I made all of the apparatus in the photograph except for the rings, cards, and scarves. As follows:
- Five painted plywood boxes that nest together. I had a method for sliding a coin or other object into the smallest box. Then I made a big deal out of opening one box after the other, the way one would open up Russian dolls.
- Deck of playing cards sewn together for amazing flourishes. I had lots of trick decks of cards. I actually got good at card tricks.
- Box with die for the “disappearing die” trick. One of the first I made.
- Linking ring trick hanging from magic wand. I bought the rings in Seattle.
- Magic table with black velvet well for vanishing objects.
- Crepe paper flowers for production tricks.
- Question mark wooden tube is used with slightly smaller wooden tube at right to produce a rabbit or chicken. The rabbit or chicken had to hang from a hook so that it could be transferred invisibly from one tube to the other while showing each one to be empty.

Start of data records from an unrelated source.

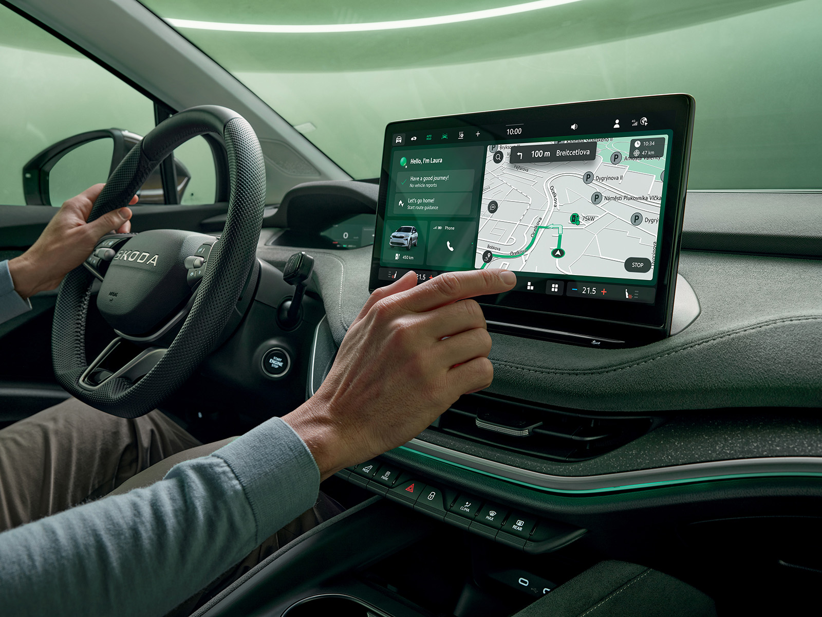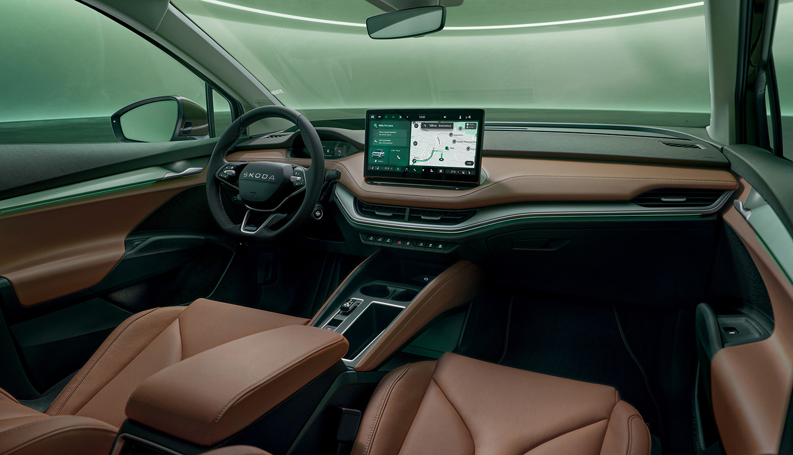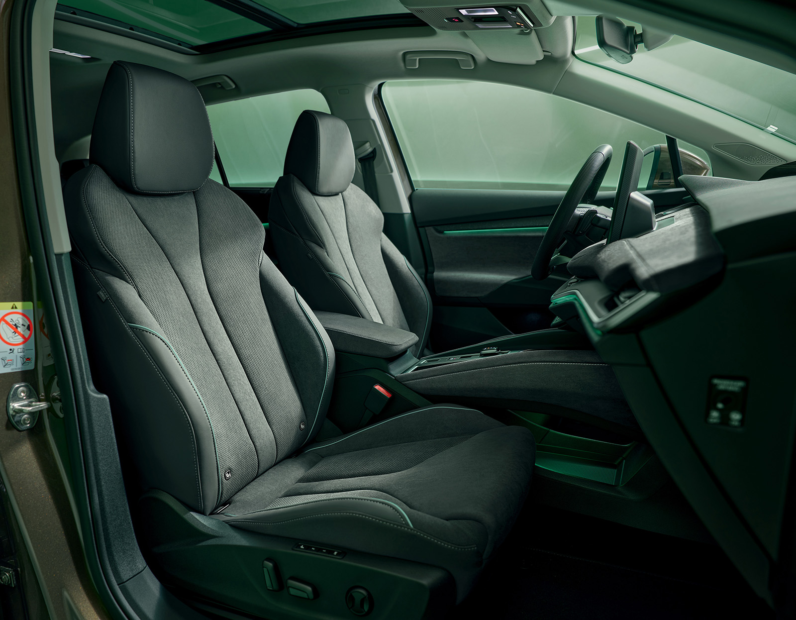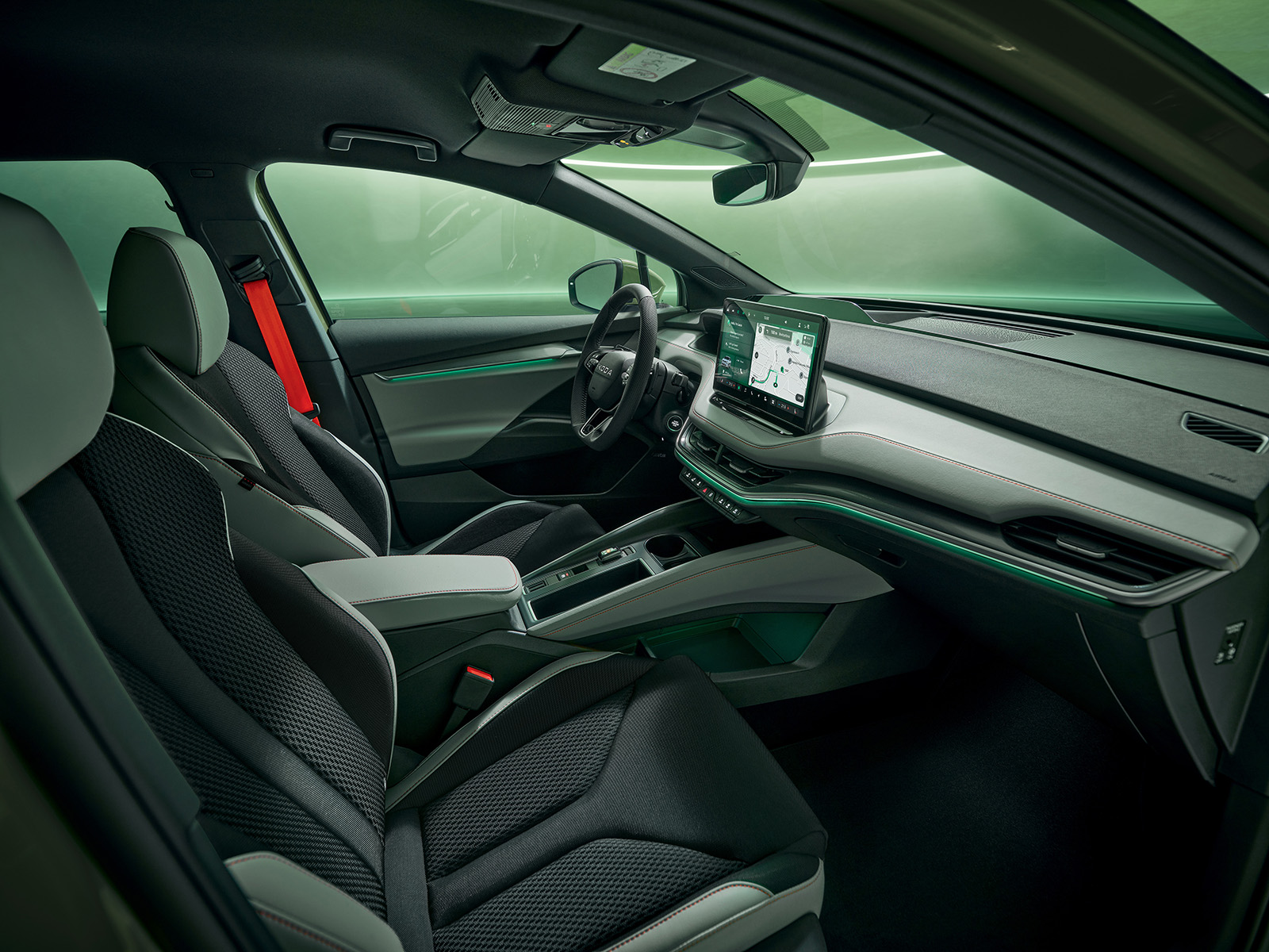 Внатрешност: исто како порано, но со некои подобрувања. Кабината на новиот Enyaq доби суптилни, но значајни промени. Високиот квалитет на материјалите е задржан, а додадени се и нови опции за украсување на ентериерот, наречени „Design Selections“.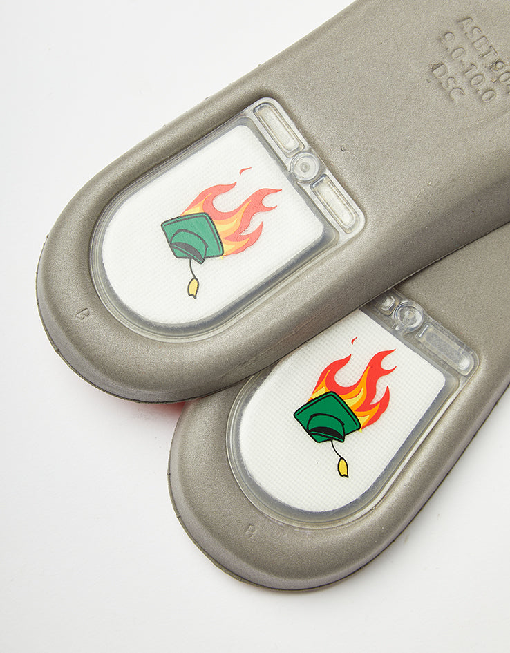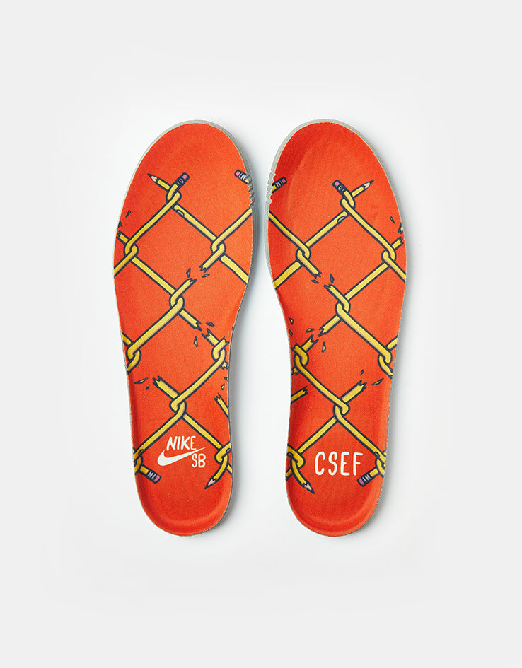 The homages to academia run plentiful throughout the shoe, with a debossed studious skateboarder illustration, Scantron answer sheet tongue tab on the slimmer tongue, and the shoe graduates with a ceremonial CSEF tassle. To round out the shoe with first-class honours, a skate-away “eraser” pink hides under the whiteboard overlays.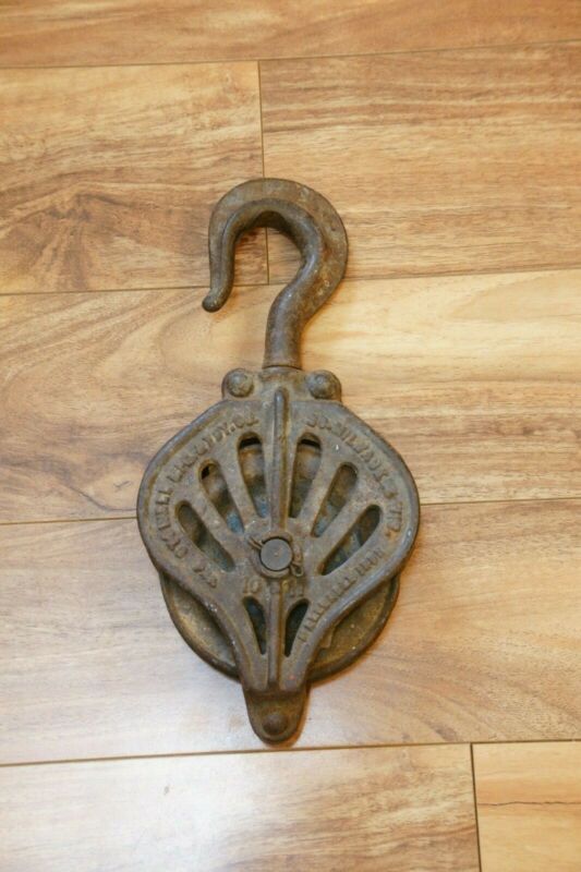 Title (ebay affiliate link): ANTIQUE PULLEY 1885 Stowell Mdg. Size 10, 11 cast iron Single Wheel Rope Pulley

- Second magic table with large production box that has hinged lid top and front. A mirror inside hides the rabbit or chicken to be vanished or produced.
- The tube on top was made from a tin can with a funnel-shaped liner. Many silk scarves could be jammed into the space between the can and the liner. Made for an astounding production. The funnel-shaped liner met the edge of the tube so that the tube had the illusion of being empty when one end was shown to the audience.
Of course the problem was always finding an audience to astound. The best audience was my sister’s children. She had six in all. The oldest, especially, didn’t seem to tire of tricks I performed repeatedly.